Recipe for 2 people. Prep time 25-30 mins.
- 1 large handful of cashew nuts
- 100g couscous
- 10g parsley
- 1 spring onion
- 250g British beef mince
- 80g natural yoghurt
- 30g diced dried apricots
- 1 beef stock cube
- 1 tbsp harissa paste
- Preheat the oven to 220°C/ 200°C (fan)/ 425°F/ Gas 7. Add the cashew nuts to a small baking tray or oven-proof dish. Put them in the oven for approx. 8-10 min or until they have darkened slightly in colour then transfer to a plate and keep the tray (you’ll use it later).
- Meanwhile, trim then chop the spring onion finely. Chop the parsley finely, including the stalks, keeping the stalks and leaves separate. Boil a kettle.
- Combine the beef mince, chopped spring onion, diced apricots, parsley stalks, crushed beef stock cube and a generous pinch of pepper. Mix thoroughly with clean hands, then divide the mixture into 6 and shape into meatballs. Add the meatballs to your reserved baking tray (use foil to avoid a mess!) and put them in the oven for approx 15 min or until cooked through.

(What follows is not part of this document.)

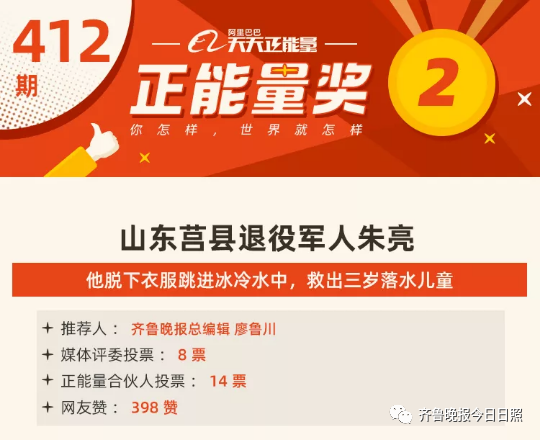 日照朱亮好样的!他跳入冰水救出3岁孩童获评阿里巴巴天天正能量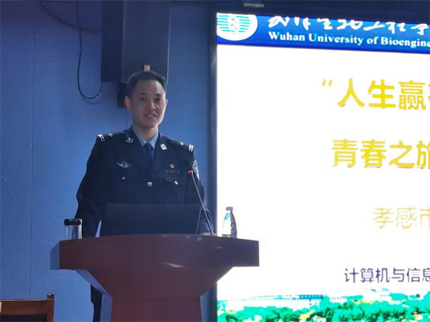 本网讯(通讯员 淳再清)10月27日,计算机与信息工程学院特邀孝感市公安局孝南区分局肖港派出所教导员、四级警长、计信学院2007届校友吴超返校,在15号教学楼307多功能报告厅和9号教学阶1报告厅,分别为2021级新生代表开展了两场专题报告会,学院2021级部分新生代表和全体班干部参加报告会,会议分别由学院党总支书记谭学锋和副书记淳再清主持。

- Meanwhile, dissolve the harissa paste in 200ml boiled water in a large bowl. Add the couscous, cover and set aside.
- Chop the roasted cashew nuts coarsely. Mix the natural yoghurt with a drizzle of olive oil and a pinch of salt and pepper.
- Fluff the couscous with a fork, season with salt and pepper and mix most of the chopped parsley leaves through (save a few pinches for garnish!)
- Once cooked, serve the meatballs over the couscous with the yoghurt dotted over. Garnish with the chopped cashew nuts. Enjoy!